Below are entries. Give back exactly the lines from the one containing "Refresh your space" through the one containing "为进一步规范课程考核管理,更", inclusive, without the pictures.

(Records from a data collection)

......

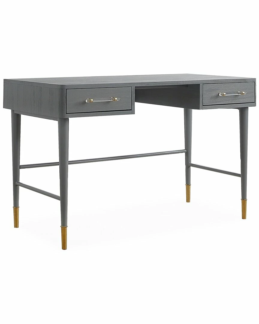 - You gotta work, so may as well do it in glamorous style. The Talia desk from Inspire Me Home Decor and TOV, allows you to do just that. Boasting gold tipped tapered legs, a grey pine veneer finish and clear acrylic handles to add a unique pop, it’ll keep your space organized and fabulous.
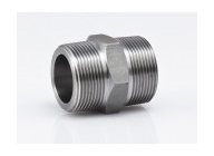 A 3000lb hex nipple is a short pipe fitting with male threads on both ends and a hexagonal section in the middle for tightening with a wrench.
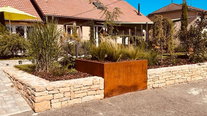 Enfin, la société meusienne Eden’Eveil s’est distinguée pour son projet « Gilbert et Marguerite », un ensemble réussi de petites terrasses à l’avant d’une maison. Son bassin bucolique, l’harmonie de ses matériaux (arches en travers de chêne, murs en pierre de Bourgogne, bacs en acier Corten, piquets d’ardoise) et son beau mélange de plantes vivaces lui ont valu un prix « Coup de cœur » bien mérité !
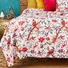 Refresh your space with the White Throw With Birds Of Paradise Design. Made from soft cotton, this elegant throw features a vibrant bird of paradise print, screen-printed by skilled artisans. Backed in lightweight ivory cotton and finished with kantha stitching in pink and white thread, it adds a touch of sophistication and comfort to any room. Ideal for styling a bed, draping over a sofa, or brightening tired furnishings.
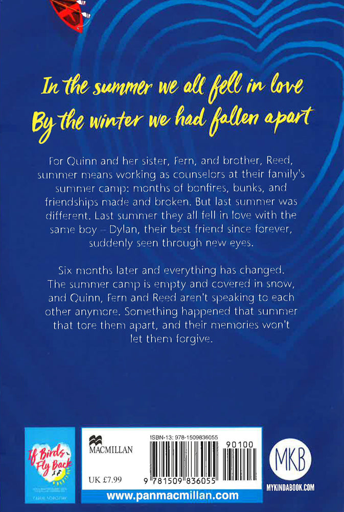 From the author of If Birds Fly Back comes Wild Blue Wonder, an achingly beautiful novel of first love and falling apart.In the summer we all fell in loveBy the winter we had fallen apartFor Quinn and her sister, Fern, and brother, Reed, summer means working as counselors at their family's summer camp: months of bonfires, bunks, and friendships made and broken. But last summer was different. Last summer they all fell in love with the same boy - Dylan, their best friend since forever, suddenly seen through new eyes. Six months later and everything has changed. The summer camp is empty and covered in snow, and Quinn, Fern and Reed aren't speaking to each other anymore. Something happened that summer that tore them apart, and their memories won't let them forgive.Wild Blue Wonder is the gorgeous, achingly beautiful novel from Carlie Sorosiak, author of If Birds Fly Back.
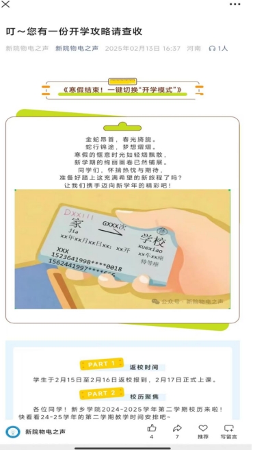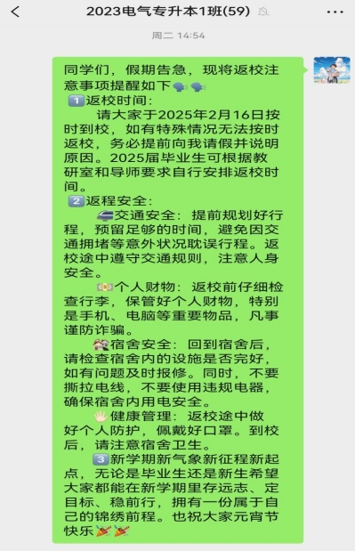开学前,伟德国际bevictor1949主要开展了以下三项工作。第一,多渠道发布返校提醒,确保信息全覆盖。为帮助员工提前了解返校安排及注意事项,公司通过多种渠道发布返校提醒。辅导员在班级群中详细说明了返校时间及注意事项,包括交通安全、个人财务安全、宿舍安全及健康管理等要点。同时,公司官方微信公众号发布了开学攻略推文,以图文并茂的形式为员工提供清晰指引,确保每位同学都能及时获取相关信息。通过多渠道发布返校提醒,公司有效实现了返校提醒的全覆盖,确保了信息的及时传达。同学们也表示清晰的返校安排和细致的注意事项帮助他们更好地规划行程,提前做好返校准备。公司也将持续关注员工需求,优化信息发布机制,为员工提供更加便捷、高效的服务。
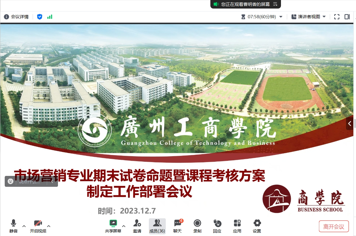 为进一步规范课程考核管理,更好地做好本学期期末考试命题工作,根据学校课程考核管理办法相关文件的要求,市场营销教研室于2023年12月7日晚上在腾讯会议室举行线上会议,以期末试卷命题暨考核方案制作为主题,重点研讨了2023-2024学年第一学期期末试卷命题质量暨课程考核方案制作专项会议。会议由市场营销教研室副主任曹明香老师主持,市场营销教研室全体教师参加了本次会议,
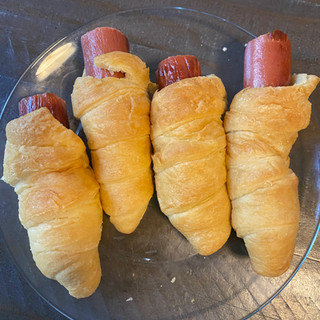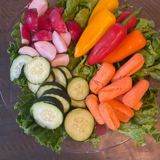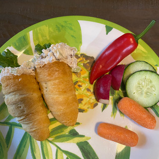 Tyler and I both really like chicken salad, so when I saw these carrot rolls on Pinterest, I knew putting these together would be fantastic for this theme. Making the rolls is really simple. You take crescent rolls and wrap them around tin foil shaped like cones. Bake them as usual and when they come out, they look like carrots. For the chicken salad, I bought a rotaissaire chicken and took off all the meat and shredded it into pieces. I mixed together mayonnaise, mustard, celery, walnuts and chives with the shredded chicken and let it sit for at least an hour. When it was time to eat, I stuffed the chicken salad into the carrot rolls. Turned out delicious and awesome looking. Since I knew the girls wouldn't eat the chicken salad, I cooked hot dogs, cut them in half and stuff them into the carrot rolls. Girls loved this just as much as we loved the chicken salad! We also made a plate of various veggies that we stole from McGregor's Garden.

......

## THE COMPLETED TASK
 Refresh your space with the White Throw With Birds Of Paradise Design. Made from soft cotton, this elegant throw features a vibrant bird of paradise print, screen-printed by skilled artisans. Backed in lightweight ivory cotton and finished with kantha stitching in pink and white thread, it adds a touch of sophistication and comfort to any room. Ideal for styling a bed, draping over a sofa, or brightening tired furnishings.
 From the author of If Birds Fly Back comes Wild Blue Wonder, an achingly beautiful novel of first love and falling apart.In the summer we all fell in loveBy the winter we had fallen apartFor Quinn and her sister, Fern, and brother, Reed, summer means working as counselors at their family's summer camp: months of bonfires, bunks, and friendships made and broken. But last summer was different. Last summer they all fell in love with the same boy - Dylan, their best friend since forever, suddenly seen through new eyes. Six months later and everything has changed. The summer camp is empty and covered in snow, and Quinn, Fern and Reed aren't speaking to each other anymore. Something happened that summer that tore them apart, and their memories won't let them forgive.Wild Blue Wonder is the gorgeous, achingly beautiful novel from Carlie Sorosiak, author of If Birds Fly Back.
开学前,伟德国际bevictor1949主要开展了以下三项工作。第一,多渠道发布返校提醒,确保信息全覆盖。为帮助员工提前了解返校安排及注意事项,公司通过多种渠道发布返校提醒。辅导员在班级群中详细说明了返校时间及注意事项,包括交通安全、个人财务安全、宿舍安全及健康管理等要点。同时,公司官方微信公众号发布了开学攻略推文,以图文并茂的形式为员工提供清晰指引,确保每位同学都能及时获取相关信息。通过多渠道发布返校提醒,公司有效实现了返校提醒的全覆盖,确保了信息的及时传达。同学们也表示清晰的返校安排和细致的注意事项帮助他们更好地规划行程,提前做好返校准备。公司也将持续关注员工需求,优化信息发布机制,为员工提供更加便捷、高效的服务。
 为进一步规范课程考核管理,更好地做好本学期期末考试命题工作,根据学校课程考核管理办法相关文件的要求,市场营销教研室于2023年12月7日晚上在腾讯会议室举行线上会议,以期末试卷命题暨考核方案制作为主题,重点研讨了2023-2024学年第一学期期末试卷命题质量暨课程考核方案制作专项会议。会议由市场营销教研室副主任曹明香老师主持,市场营销教研室全体教师参加了本次会议,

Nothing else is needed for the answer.